While doing some of the research on the New King James Version (NKJV) translation, I ran across a statement about the translators in What Today’s Christian Needs to Know about the New King James Version. The booklet mentions that “Interestingly enough, there were nine scholars who worked on both the NKJV and the New International Version” (p. 2).
The booklet does not mention who are the nine. I looked through some lists and found seven names in common:
- Edward M. Blaiklock, University of Auckland
- Lewis A. Foster, Cincinnati Bible Seminary
- Louis Goldberg, Moody Bible Institute
- Roland K. Harrison, Wycliffe College, Toronto
- Meredith G. Kline, Gordon-Conwell Theological Seminary
- G. Herbert Livingston, Asbury Theological Seminary
- Charles C. Ryrie, Dallas Theological Seminary
To make the comparisons between committees, I looked at The NIV Committee on Bible Translation and New King James Version at Bible Researcher, as well as NKJV Translators at Darkness to Light/Zeolla.org. The “NKJV Teams” (translators, reviewers, consultants, and editors) are listed in “Appendices A-D,” on pages 141-159 of The New King James Version: In the Great Tradition by Arthur L. Farstad.
Ryrie’s tenure with the NIV and NKJV would not have been at the same time, but he did work on both. He is listed as an NIV translator who resigned in 1977, and served on the NKJV review committee created in 1984. Livingston is listed as an NIV translator, and worked on the OT review committee for the NKJV. Blaiklock was a translator on the NKJV, and a consultant on the NIV. The other four apparently worked as translators on both projects. However, Harrison’s NKJV translation work seems to have been in 1984, though he had previously worked as a reviewer of the NKJV Old Testament.
I did not find the other two, though I could have simply missed them. My list is at seven, while theirs is at nine. The author may have worked from other lists of translators that were slightly different from those I found. On the other hand, there might be two people mistaken as the same person. For example, Alfred Martin and Alvin Martin could have been mistook as the same person, either by the researcher or perhaps on some lists.

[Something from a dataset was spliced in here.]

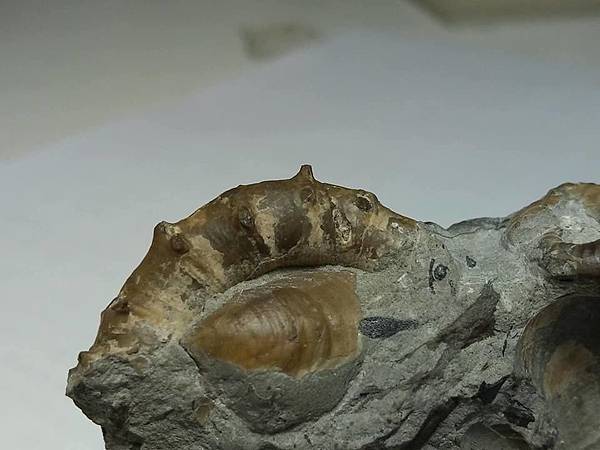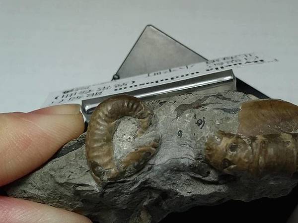 這件標本原始的狀態其實還好,所以我還是動手想把肋條上的棘清出來及把母岩整理一下。雖然龍菊石的本體只有一小段,但有機會收到這樣的標本已經滿足了。龍菊石的旁邊則是船菊石。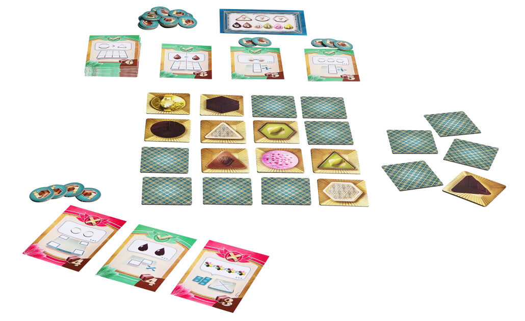 Auf großen quadratischen Karten sind die Süßwaren abgebildet und bilden verdeckt ein 4×4-Raster. Das ist die Pralinenschachtel. Weitere fünf Kärtchen liegen ebenfalls verdeckt daneben. Die Spieler nehmen eine Tipp-Karte aus einem offenen Angebot, was zu Beginn noch keiner tut. Auf jeden Fall muss schließlich immer eine Pralinenkarte aufgedreht werden. Dadurch wird zunehmend offenbar, was da wo in der Schachtel liegt. Je mehr offen ist, um so eher wird bei den Tipp-Karten zugegriffen. Es geht um Nachbarschaften und Reihenbildungen in bestimmten Schoko-Farben oder auch Pralinen-Zuschnitten. Das weiß aber keiner ganz genau, weshalb spekuliert werden muss. Auch darf beim Nehmen einer Tipp-Karte auf das Gegenteil gesetzt werden. Liegen da zwei Schokis mit rosa Zuckerguss nebeneinander, dann wird mit der grünen Tipp-Seite spekuliert. Glaubt der Spieler an das Gegenteil? Dann wird die Karte auf Rot gewendet. Auf jeden Fall zählen bei der Endwertung nur richtige Einschätzungen Pluspunkte.

Yes, it is interesting to find some of the translators on both committees of these two very different Bible projects. The booklet referred to above concluded “it is difficult to understand how these men could work on both translations.” Or, perhaps not, since the NKJV translators were not committed proponents of the Textus Receptus, but rather preferred either the Critical Text or Majority Text.